Except for some papers in the bottom, the box was empty.

“Take what? Where is the rest?”

She regarded me with weariness. “What remains?”

“In here? Nothing. That is what I am telling you.” I turned the box upside down to demonstrate, and a single sheet of paper fluttered to the floor. “Is there some other place where Andrei kept money?” He was not poor. Besides a good salary, he had received lavish sums from the Empress and Count Razumovsky. Andrei and Xenia had never wanted for luxuries. “Perhaps in his desk or dressing table?”

She said nothing, but the blankness of her expression answered for her.

I thought back on the handfuls of coins I had seen her give away over the past month, and realized with horror that together with what had escaped my observation, the total sum of them might be anything.

“So there is nothing more?” I could not make myself believe it.

“Here.” She handed me the paper.

“What is this?”

“The deed to the house.”

“And what would you have me do with it?”

“Sell it.”

“To buy flour? Don’t be absurd, Xenia.” I thrust the paper back into her hand. “If you sell your house, where shall you live?”

“Our Savior lived without a house.”

“That is all fine and well, but what of the souls He has entrusted to you? Where shall they live? Or would you sell them, too?” I asked. “It is not only beggars in the street who depend on your charity, Xenia.” As I said it, I was not unmindful that I was included in this company.

“We have eaten today, and we shall eat again tomorrow.” She said this just as a child might, her face empty of any anxiety.

Something changed for me in that moment. Confronted with the empty strongbox and its promise of ruin, together with her complacency… I left her there and went from room to room with rising agitation, looking for something I might sell.

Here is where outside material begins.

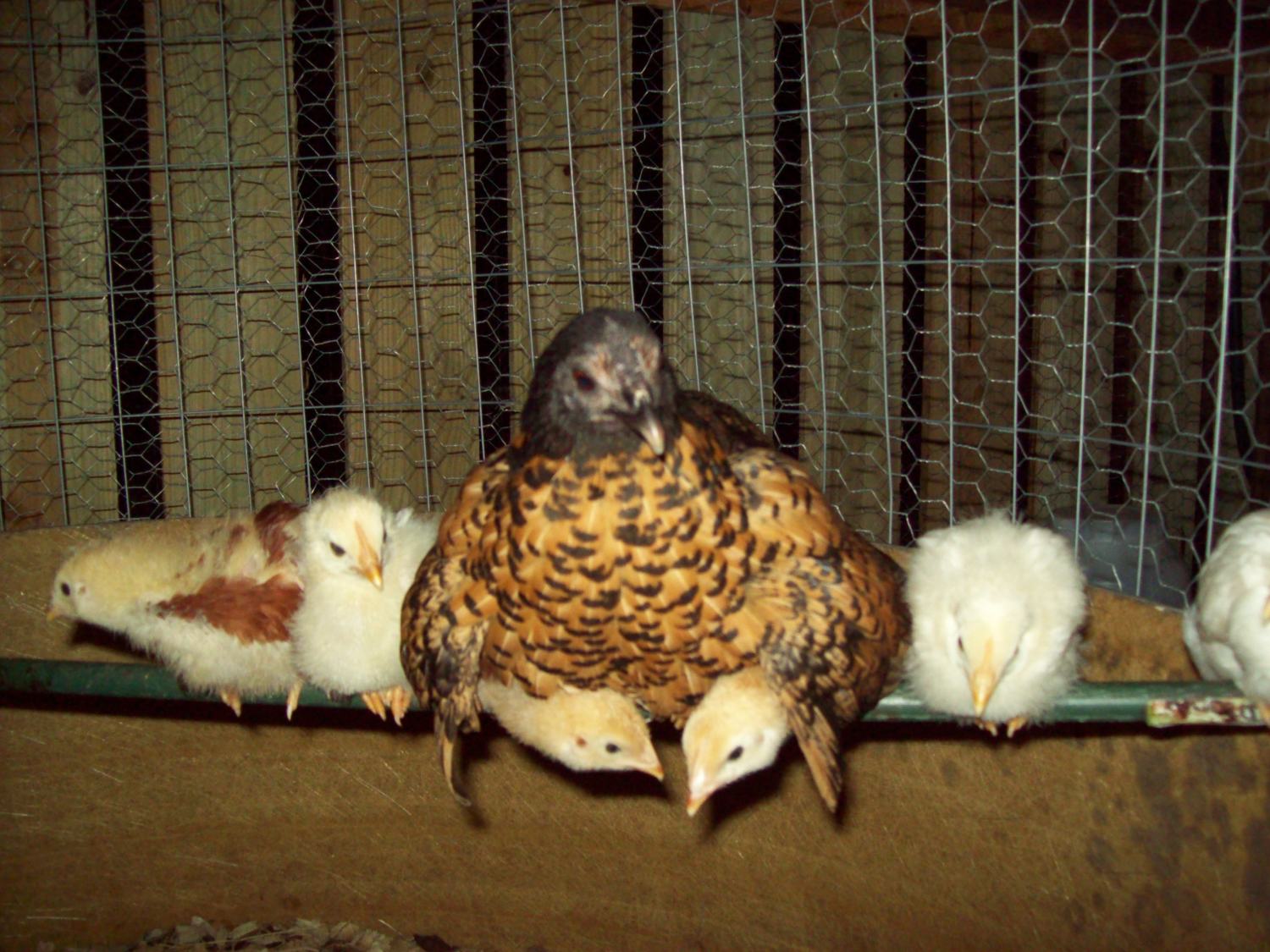 starfire the black and white ones are silver campines they are from spain and make 4 lbs hens and 6 lbs cocks they are flighty and busy great foragers lay large white eggs. these have matured quickly they are 11 or 12 weeks now and the little cockerels have been crowing since 5 weeks or so. :) btw i still say you should find a heritage rhode island red cock bird the most docile you will run with your hens safe for small children and pets .

I felt like a thief, but one who has come to a house already robbed. How had I not seen it? Xenia had succeeded in removing most everything that would fit in her basket. I went to my room and looked over the meager hoard I had hidden away. The cloisonné clock. The jeweled earbobs that were her wedding present from Andrei. Little Katenka’s christening gown and cross. No, these were too precious to be sold. I settled on a brass candlestick chased with silver, half of the pair that had graced the sideboard. This I took to the wretched pawnbroker. It fetched sixty kopeks, just enough to appease the miller and fishmonger, but not the greengrocer. And we would need more wood for the pile and dried fruits for the Easter kulich . I returned to his shop with the clock and sold him the sideboard as well, and these bought provisions sufficient to last through the Easter feast.

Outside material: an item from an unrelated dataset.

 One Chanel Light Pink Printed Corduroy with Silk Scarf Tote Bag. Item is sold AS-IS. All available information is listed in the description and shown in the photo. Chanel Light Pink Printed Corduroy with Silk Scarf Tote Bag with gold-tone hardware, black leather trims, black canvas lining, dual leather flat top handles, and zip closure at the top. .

Never in my life before or since have I awaited that day with such hunger. Dry as a raisin, some part of me still hoped nonetheless. Xenia’s desolation had so entwined with the Lenten season that she seemed an enlargement of its mood, almost as though she were an actor in a Passion play. I anticipated that with the arrival of Easter she would doff her mourning. It was Xenia’s resurrection I awaited.

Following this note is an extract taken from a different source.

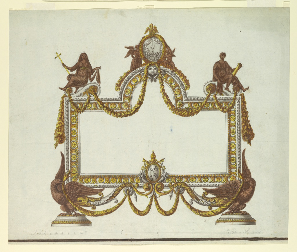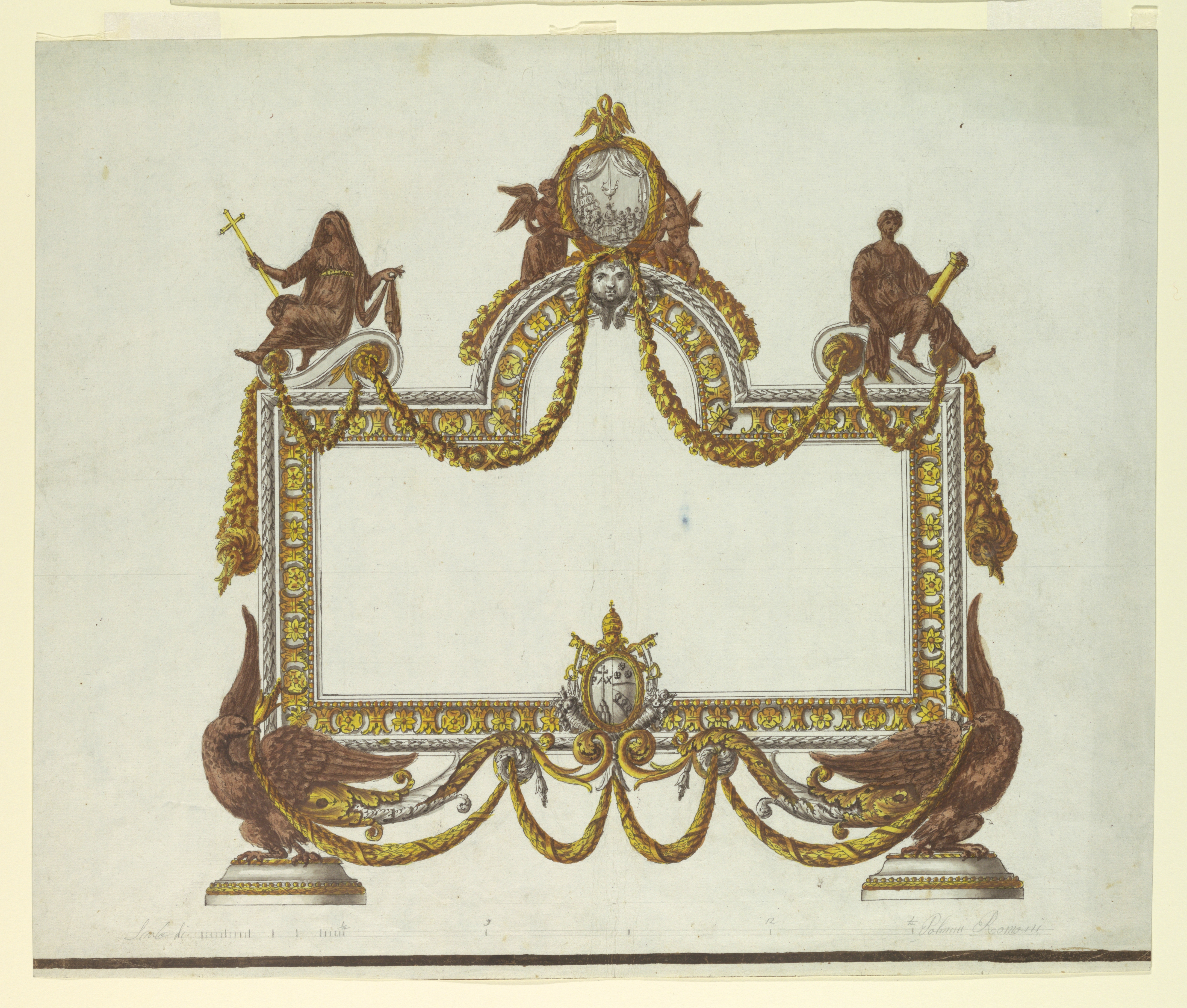 This is a Drawing. It was designed by Luigi Righetti and made for (as the client) Pope Pius VII. It is dated ca. 1820 and we acquired it in 1938. Its medium is pen and black ink, brush and gray, brown, yellow wash, over graphite, ruled border in brush and black ink on light blue laid paper. It is a part of the Drawings, Prints, and Graphic Design department.

At the midnight service, the chants poured into my soul like water, and as the light was passed from taper to taper, I felt my spirits lift on the rising glow. The holy doors were thrown open and we spilt out into the night and circled the church. Buoyed on an upwelling of joy, with the hundreds of voices around me in song, with the tumultuous pealing of the bells, I was exultant. The priest proclaimed, Christ is risen , and every voice answered fervently, Truly He is risen!